The capitol of the northernmost Baltic state, Estonia, Tallin is an "enchanting medieval town that's on the brink of a new life," the party town of the cash-strapped EU Finns of Helsinki, and my home for the weekend. Estonia, Latvia, and Lithuania joined NATO on April 2, and joining their northern neighbors, Estonians were celebrating in fine form this weekend. I, along with my 27 other Study Abroad 'draugai' spent 2 nights in a hostel located smack in the middle of Tallin's old town. The trip, although physically exhausing like all traveling excursions, was a wonderful respite from the monotony of class.
We left Friday morning [yep, skipping class :o)] on a chartered bus and drove first to Siauliai. We stopped at the Hill of Crosses, where we walked through the rows and rows of rememberance. The wind passing through the crosses, made for eerie and thought-provoking surroundings. Love so amazing, so divine, demands my soul, my life, my all.
And then on to Riga, where we ate at a great restaurant called Lido. "If Paul Bunyon built a log cabin in Latvia, it would look like this! Mr. Kirsons of the Lido empire has outdone himself with the biggest buffet of home cookin' this country has ever seen." good enough for me... :o) We stuffed ourselves to the brim courtesy of the SA program, and got back on the bus.
We stopped at a beach along the road and played in quick sand, and watched tacky music videos on the bus ride. George Michaels, Michael Jackson, and the Spice Girls on the same tape???
After a rather annoyingly long border stop, we arrived in Tallin around 11:30pm. We checked into our hostel, Vana Tom. "Vana Tom is everything a hostel should be - clean, friendly, informative, and smack dab in the middle of Old Town...don't be wary of the strip club upstairs." Then we hit the town. My transport group, my beloved TG-Kwah, set out to explore Tallinn by night, and found ourselves following the old castle walls around Old Town. Drunk Finns and Estonians were on every corner, breaking bottles and singing their national songs at the top of their lungs. Quite a change from the quiet reserve of Klaipedites. Our late-night exploration took us through the skinny cobblestoned streets to St. Olaf's, with its 124m spire, Cat's Well (story to follow), the town square, a failed attempt at finding Nevsky Cathedral and Toompea Hill, and finally back to our hostel for a good night's sleep on a 3-tiered bunk.
We set off in the morning in our TG's, this time being led by Janis, a quirky and oh, so fun Latvian LCC student. Janis hauled us up the 124 meters of St. Olaf's spire. Feel the burn! The view from the top was incredible, and way worth the climb. We sat up on the top and tanned our faces in the sunshine and ate pistachios and made up stories about the people whom the shells would hit when they reached the ground and took pictures of the city. We walked around more of old town, and were successful in our attempts to find Nevsky Cathedral and the Hill. I bought a small bronze (doubtful) pin from a lady on the street that is from the 1980 Tallin Olympics, and an ice cream cone.

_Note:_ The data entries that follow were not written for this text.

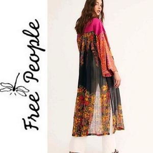A long, flowy Free People kimono cardigan that emits retro vibes! This piece features a floral pattern and is made with polyester and rayon for a lightweight feeling. Originally $228; tag removed.
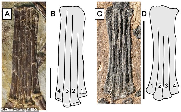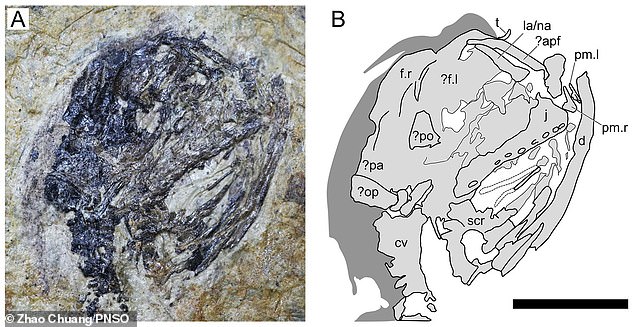 Палеонтологи в Китае обнаружили окаменевший скелет птерозавра Sinomacrops bondei и воссоздали его облик.
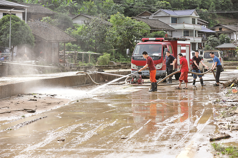 7月2日,在广西柳州市融安县板榄镇泗安村,乡镇专职消防员在冲洗路面。
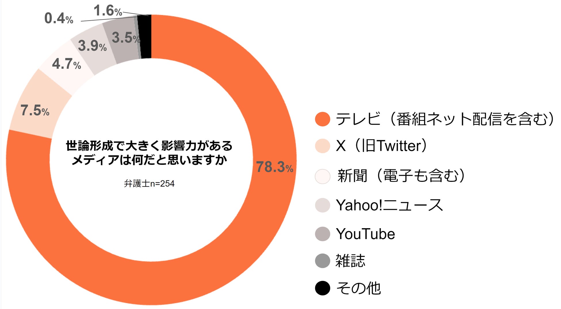 世論形成で大きく影響力があるメディアを尋ねたところ、「テレビ」が78.3%と約8割を占め最も高くなりました。次いで「X(旧Twitter)」が7.5%、「新聞」が4.7%となっています。
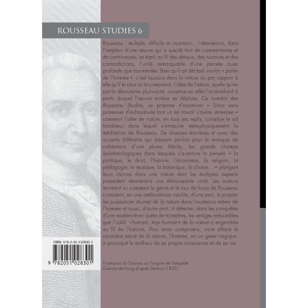 Rousseau : multiple, difficile et incertain… Néanmoins, dans l’ampleur d’une oeuvre qui a suscité tant de commentaires et de controverses, se tapit, au fil des détours, des nuances et des contradictions, l’unité remarquable d’une pensée aussi profonde que tourmentée. Bien qu’il ait déclaré vouloir « parler de l’homme », c’est toujours dans la nature ou par rapport à elle qu’il le situe ou le comprend. L’idée de Nature, quelle qu’en soit la déroutante plurivocité, constitue en effet l’arrière-fond à partir duquel l’oeuvre entière se déploie. Ce numéro des Rousseau Studies, se propose d’examiner – fût-ce sans promesse d’exhaustivité tant un tel travail s’avère immense – comment l’idée de nature, en tous ses replis, constitue le sol fondateur dans lequel s’enracine métaphysiquement la méditation de Rousseau. De diverses manières et avec des accents différents qui passent parfois pour le manque de cohérence d’une plume fébrile, les grands champs épistémologiques dans lesquels s’aventure la pensée – la politique, le droit, l’histoire, l’économie, la religion, la pédagogie, la musique, la botanique, la chimie… – plongent leurs racines dans une nature dont les multiples aspects possèdent néanmoins une éblouissante unité. Les auteurs montrent ici comment le génie et le tour de force de Rousseau consistent, en une ambivalence insolite, d’une part, à projeter les puissances divines de la nature dans l’existence même de l’homme et aussi, d’autre part, à détecter, dans les conquêtes d’une modernité en quête de triomphes, les vertiges redoutables que l’oubli « humain, trop humain » de la nature a engendrés au fil de l’histoire. Pour avoir compromis, voire effacé le caractère sacré de la nature, l’homme, en un geste tragique, a provoqué le malheur de sa propre conscience et de sa vie.
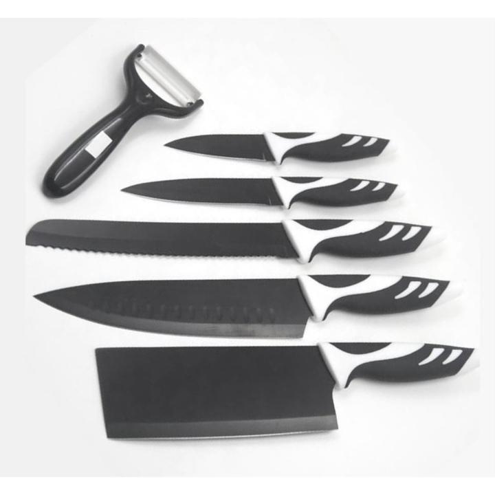 🔪⚫ Set de 5 Cuchillos y Pelador LoLek:
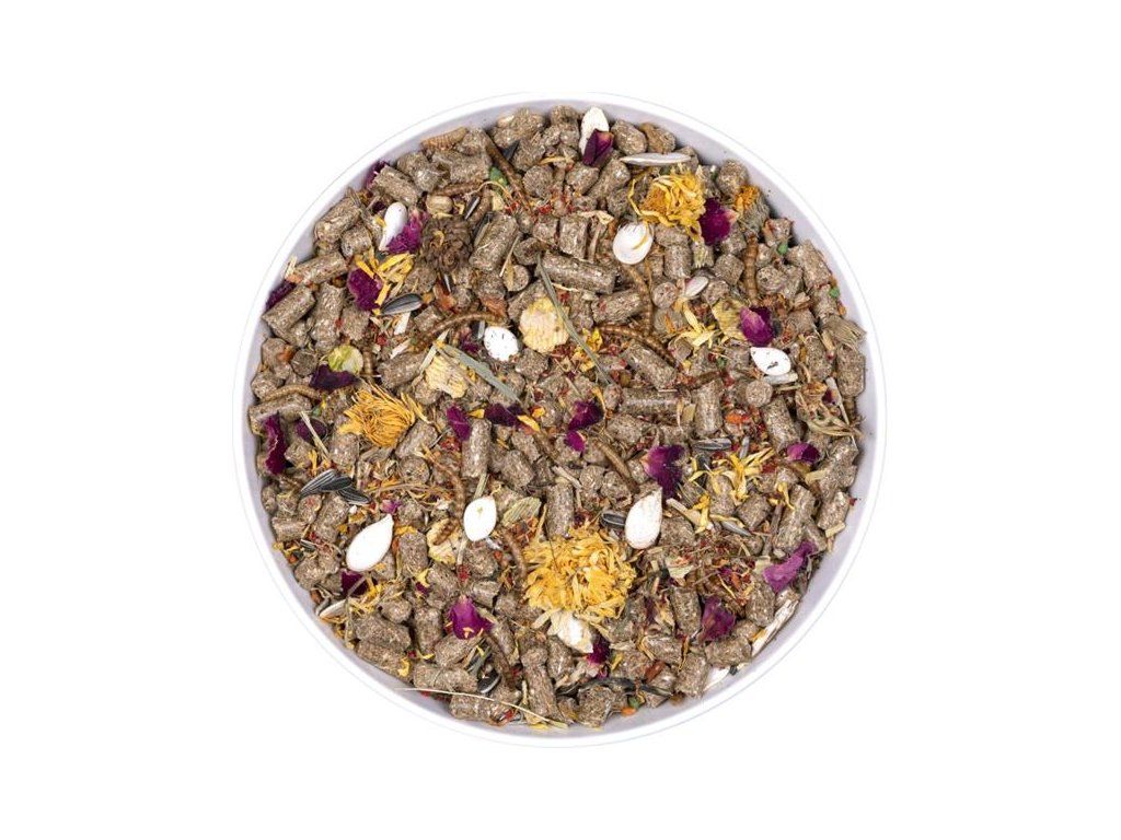 Ječmen (19 %), pšeničné otruby (17,2 %), pšenice, celé sójové boby, kukuřice (11,23 %), hrachové vločky obohacené vitamínem C, karobové lusky, mrkev (2,5 %), bílý oves, černý oves, špalda, řepná dužina (2 %), sójový olej, larvy potemníků (Tenebrio molitor – 1,4 %), uhličitan vápenatý, echinacea, slunečnicová semena žíhaná, dýňová semena, měsíček, okvětní lístky růží, lněné semeno, monokalcium fosfát, směs ovoce (0,5 %) (kokos, banán, jablko, pomeranč), semínka mastňáku, vaječný prášek (0,2 %), chlorid sodný, celá slunečnicová semena, pivovarské kvasnice (zdroj mannan-oligosacharidů, 0,12 %), dobromysl, agávový inulin, tymián, máta, skořice, kurkuma.
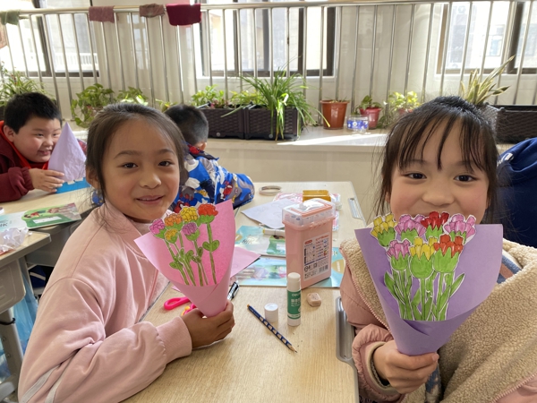 學(xué)生們制作“康乃馨”送給媽媽
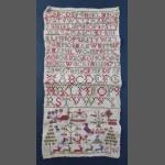 An antique sampler on linen signed by CW measuring 39 x 20cm approx. In good condition.
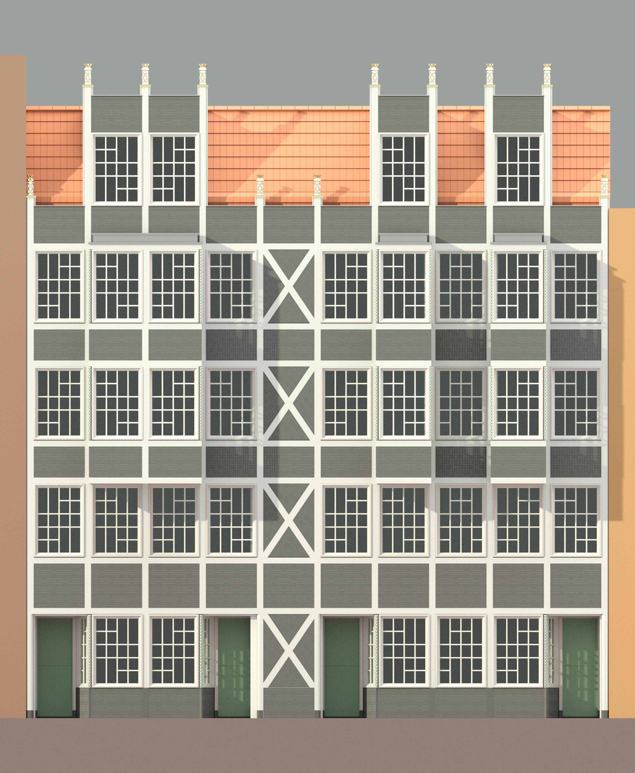 Design studies concerning building facades in a inner city and of courtyard houses of a 'hofje' with a historical connection fit for modern times
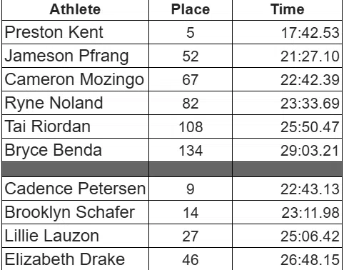 (Gowrie, IA) — On Thursday night, AC/GC opened their cross country season in a meet hosted by Southeast Valley. The Boys finished in 13th place out of 15 teams while the Girls did not have enough numbers to qualify for the team competition. Preston Kent for the Chargers finished in 5th place and Cadence Petersen finished in 9th.
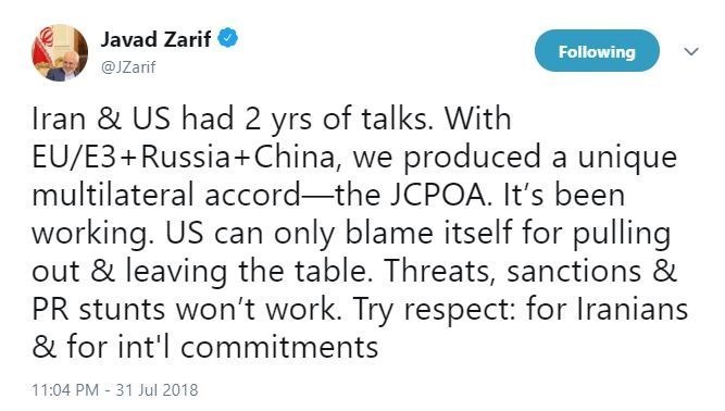 «ایران و ایالات متحده ۲ سال مذاکره داشتند. به همراه سه کشور اروپایی و اتحادیه اروپا به علاوه چین و روسیه یک توافق چندجانبه یکتا - برجام - را تدوین کردیم. این توافق کارایی داشت. ایالات متحده برای خروج از توافق و میز مذاکره باید خود را مقصر بداند. تهدید، تحریم و شیرین‌کاری‌های [تبلیغاتی]کارایی ندارند. تلاش کنید به ایرانی‌ها و تعهدات بین‌المللی احترام بگذارید.»
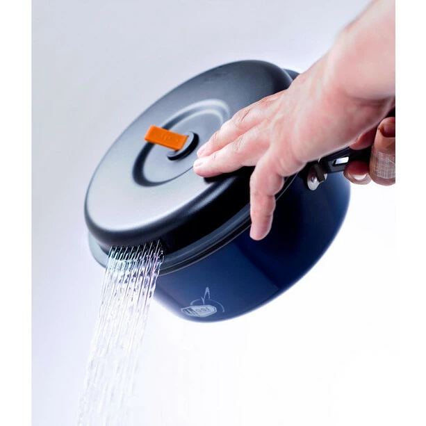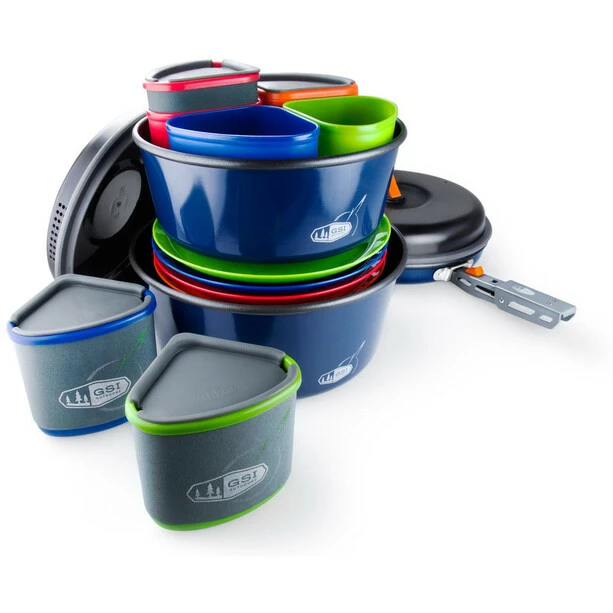 Two pots and a pan with GSI folding handle for safe handling and easy straining of the contents. Two lids (for pot and pan) and turned bottoms provide support and energy-saving cooking. The four plates (d 19 cm) and 8 cups are made of polypropylene. The triangular cups can be stacked into each other. The interior is also designed individually as an iso-cup (400 ml) and covered with a removable neoprene insulation, equipped with a lid and stowable in a space-saving pot set. The colours make the plate and cups easy to match.
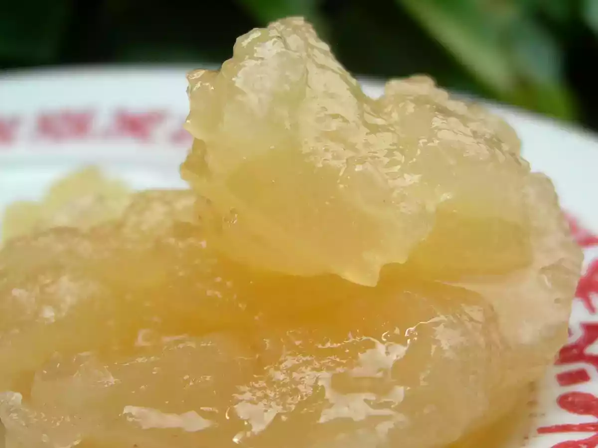 - Pesez le jus et ajoutez la moitié du poids en sucre. Mettez le tout dans une grande casserole, mélangez bien et portez le tout à ébullition, ajoutez l'agar agar, remuez bien et faites chauffer 1 minutes.
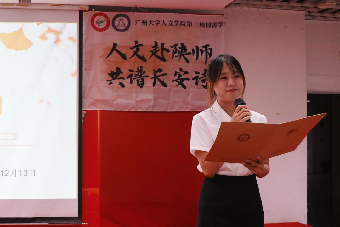 丰富的学生社团活动也是陕西师范大学的特色之一,访学团成员钟悦引领同学们走进陕师大的秦风诗社,共赏《沁园春·雪》的吟诵片段。
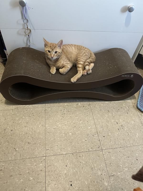 PetFusion Jumbo 2 level Cat Scratcher Lounge Scratch Play Perch and Hide Pet Furniture 39 x 11 x 14 Very well made.
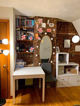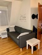 In the bedroom only a full size bed can fit. Beautiful exposed brick, front facing unit.. tons of sunlight
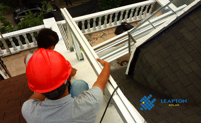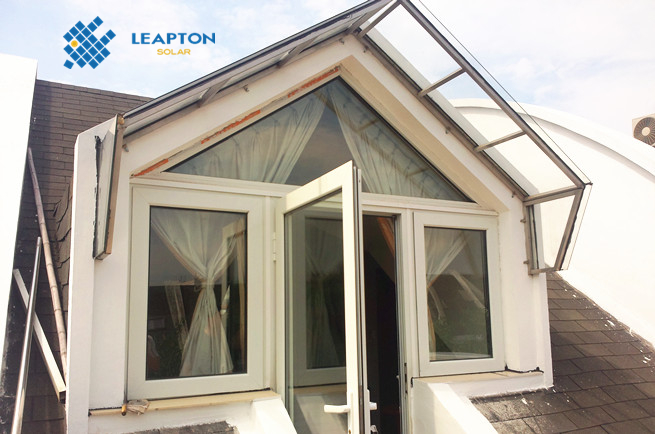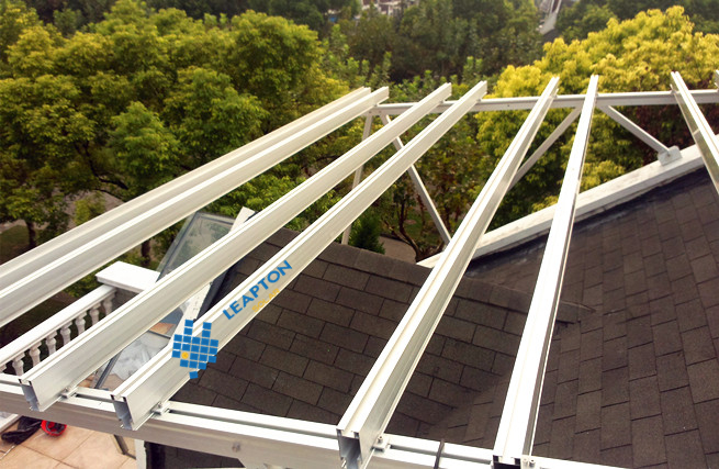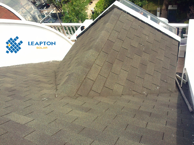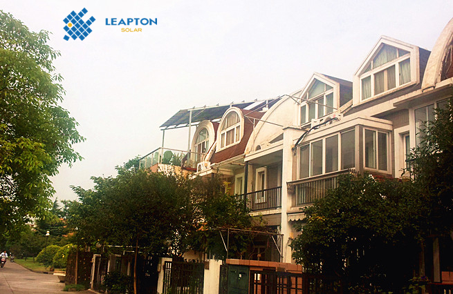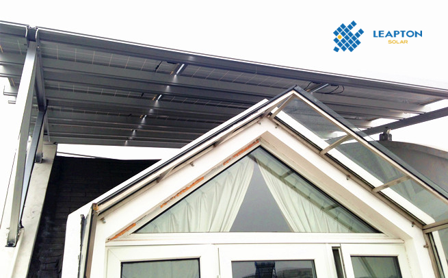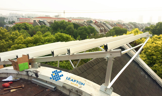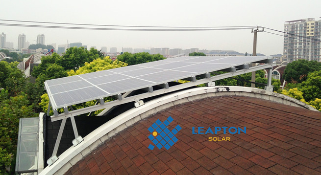屋頂情況:連棟別墅,混凝土斜屋頂。采用固定式支架,支架通過膨脹螺栓固定安裝在女兒墻上,支架傾角20度。安裝250W多晶組件15塊, 安裝功率3.75KW。
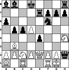 game notation in PGN-format [Event "chess960 f"] [Site "www.myChess.de"] [Date "2007.08.26"] [Round "1"] [White "Ziegert"] [Black "reisinger"] [Variant "Fischerrandom"] [SetUp "1"] [FEN "bbrknqnr/pppppppp/8/8/8/8/PPPPPPPP/BBRKNQNR w KQkq - 0 1"] [WhitemyELO "1546"] [BlackmyELO "1594"] [Result "0-1"] [TimeControl "10/1728000"] [WhiteDays "20"] [BlackDays "39"] [MyChessNo "37588"] 1. Ngf3 c5 2. e4 b6 3. c3 e5 4. Bd3 d5 5. Ba6 Rc7 6. exd5 Rd7 7. c4 Ngf6 8. Qe2 Qd6 9. Bb5 Re7 10. Nc2 Nc7 11. Ba4 a6 12. O-O b5 13. Bb3 e4 14. Nh4 Ncxd5 15. cxd5 Qxh2# 0-1 position notation in FEN-format bb1k3r/4rppp/p4n2/1ppP4/4p2N/1B6/PPNPQPPq/B1R2RK1 - k - 0 16 Captured white pieces: Captured black pieces: Click on a captured piece in order to display the desired move!
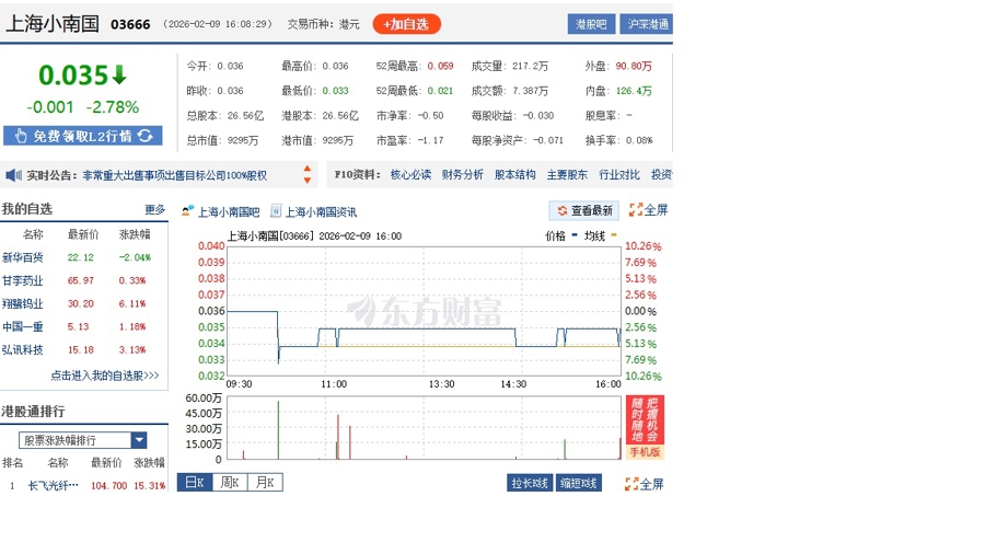 不过,自2017年起,上海小南国开始按下“闭店键”,当年该集团就关闭了7家门店。至2024年,上海小南国亏损超过8500万元;2025年中期,亏损额达1824.8万元。股价方面,2026年2月9日,上海小南国(证券代码:03666)报收0.035港元,当日跌幅为2.78%。

Saturday evening we all met back at Olde Hansa, a "mecca of medievaldom in the heart of Old Town that doesn't just serve historically authentic fare made from carefully-researched recipes, but provides guests with a whole experience using a combination of candlelight, period costuming, and medieval background music." We ate, and then we ate, and then we ate some more. Pickles, huge olives, whipped herb cheese, pickled berries, chicken pate, gingered carrots, black bread with ham, herbed bread with hazelnuts, garlic lentils, barley roasted with hazelnuts, honeyed sourkraut, ginger/garlic turnips, salmon with nut sause, arabian fillet in figs, honeyed apples under a cinnamon pastry with almond caramel butter. All served in big ceramic bowls that just kept coming. Wow. I ate a lot. It was amazing.
After our 3 hour dinner, my TG went to a coffee house and played cards, talked, drank coffee, and just hung out. It was wonderful. The relationships I've built here have been such a blessing in my life. I'm gonna miss these kids.
I woke up sunday morning and took my breakfast to the kitchen. There were several international students who are studying in Vilnius staying at the same hostel, and they were on their way to St. Petersburg. They had neglected, however, to find a hostel or learn how to read the cyrillic alphabet. Whoops. So I showed them some stuff on a map and explained Russian consonants - I never have figured out the vowels. How long has it been since you've sat in Estonia, speaking a combination of English and Lithuanian to an Italian woman and Brazilian man, while trying to give directions of Russia? Crazy-small world we live in, huh?
We left Tallin Sunday around 11 and drove to Riga, where we ate and walked around in old town for a while, then got on the bus and headed back to Klaipeda. We got home way late and I was tired, but it was a good weekend. The sun was shining, I don't need to eat for a month, the weather was beautiful all weekend, my freckles have arrived, and I am happy.
See you in 4 weeks - hugs...
*anna the international
.:quotes courtesy of the 'in your pocket' guide books of riga and tallinn.
highly reccommended by this traveller:.